And on it goes. In recent posts we’ve contrasted the courage of Hong Kong protesters – who are putting their lives on the line to risk the growing encroachments on their freedoms by the government in Beijing – with the readiness of American individuals and firms that do business with China to sell out the idea of liberty for a buck.

Since American sports are so big in the PRC, many of these latest stories of cravenness and cowardice have had to do with athletics. We’ve seen that the NBA and ESPN have both been lightning-quick to sacrifice any pretense of principle in order to avoid offending Xi’s tyrannical regime. Well, here’s more. On October 10, Reason magazine’s Eric Boehm reported that two different sports arenas in the U.S. had ejected fans protesting the Communist Chinese attempt to crush liberty in Hong Kong. On October 8, it happened at Philadelphia’s Wells Fargo Center, where Sam Wachs and his wife, who had bought tickets to a preseason game between the Philadelphia 76ers and a visiting Chinese team, the Guangzhou Loong Lions, displayed small signs reading “Free Hong Kong.” Security guards were quick to give the Wachses the heave-ho.
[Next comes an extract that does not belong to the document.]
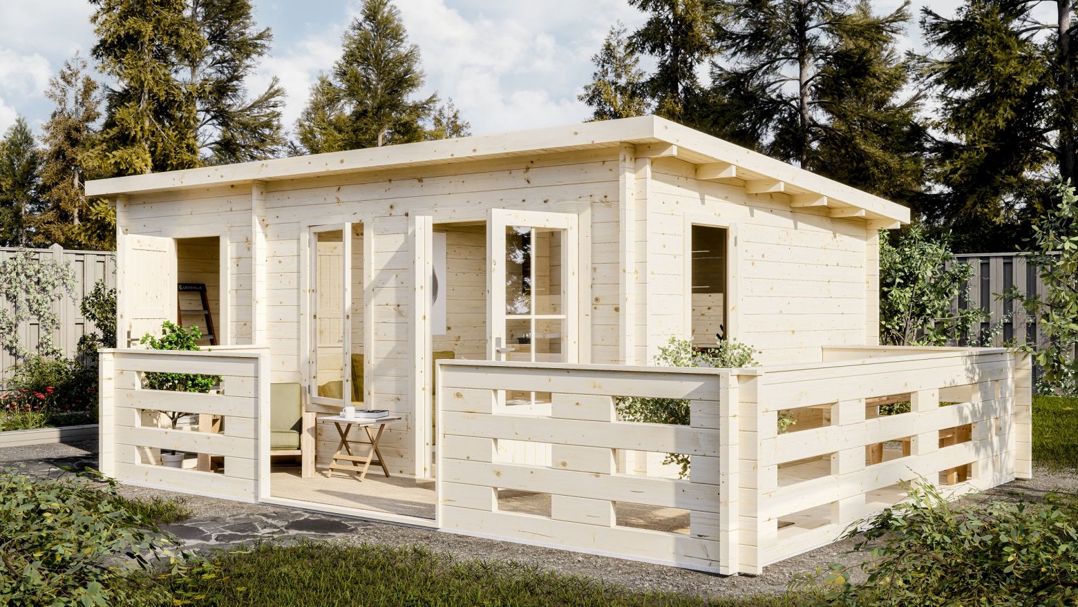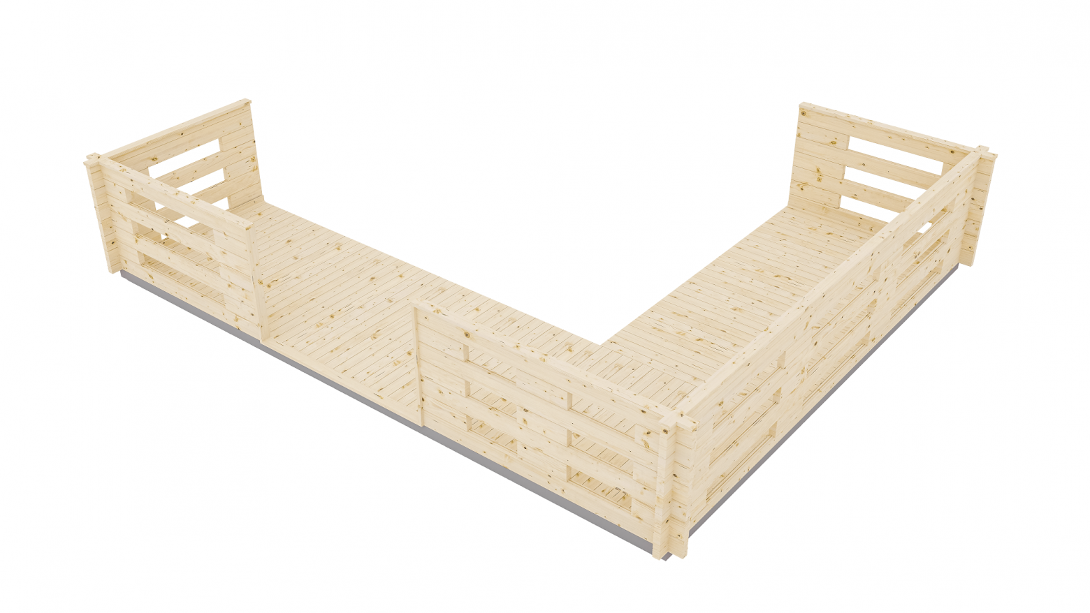 Терраса угловая - малое дополнительное архитектурное сооружение увеличивающее полезную площадь садовых домов и беседок. Создаёт комфортное открытое пространство для отдыха на свежем воздухе. Подходит к садовым домам с длиной по центральному фасаду от 3 до 6 м. Напольное покрытие из террасной доски профиль "Вельвет" 28х142 мм. Вход по длинной стороне шириной 160 см. Высота ограждения террасы 96 см. Конструктив ограждения с проветриванием и допуском солнечного света.

The next night, the same Chinese team were in Washington, D.C., for another game, in this case against the Washington Wizards. This time there were several protesters. They wore t-shirts bearing slogans in support of the Hong Kong protesters and unfurled a “Free Hong Kong” banner. When the banner was confiscated, they waved a homemade sign reading “Google Uighurs,” a reference to the current internment by the Communist Chinese government of more than a million adherence of that Muslim minority. That effort, too, was quashed.

As Boehm pointed out, the NBA’s aggressive treatment of what was frankly a small number of protesters at a couple of U.S. basketball game has only served to draw attention to China’s perfidy and to the NBA’s eagerness to do China’s bidding. On October 10, the New York Post ran an op-ed by one of the Washington protesters, Jon Schweppe, who explained that he and some friends had decided to stage a protest at the Washington game after reading about what happened to the Wachese in Philadelphia. The sight of NBA thugs “groveling to a totalitarian regime and censoring…fans” in Philadelphia, of all places, “home of the Constitutional Convention and the Liberty Bell,” had gotten his dander up. Would the NBA, he wondered, dare to treat supporters of freedom the same way in the nation’s capital?

The answer came quickly. When he and his pals unfurled their banner, they were told by NBA reps: “We respect your freedom of speech, but…we don’t have any stance on [Hong Kong]. So we’re just asking not to have any signage related to that in here tonight.” The little sign about the million-plus imprisoned Uighurs didn’t please the NBA bosses either. “My friend,” writes Schweppe, “pleaded that we were simply seeking to educate some of the NBA officials, coaches and players, many of whom had expressed ignorance about the issue. It was in vain: The supervisor still confiscated the sign and told us that if we continued to disrupt the game, we would be ejected.” Instead, Schweppe and his friends just chose to leave. Good for them for standing up for freedom. Shame on the NBA for putting its profits first.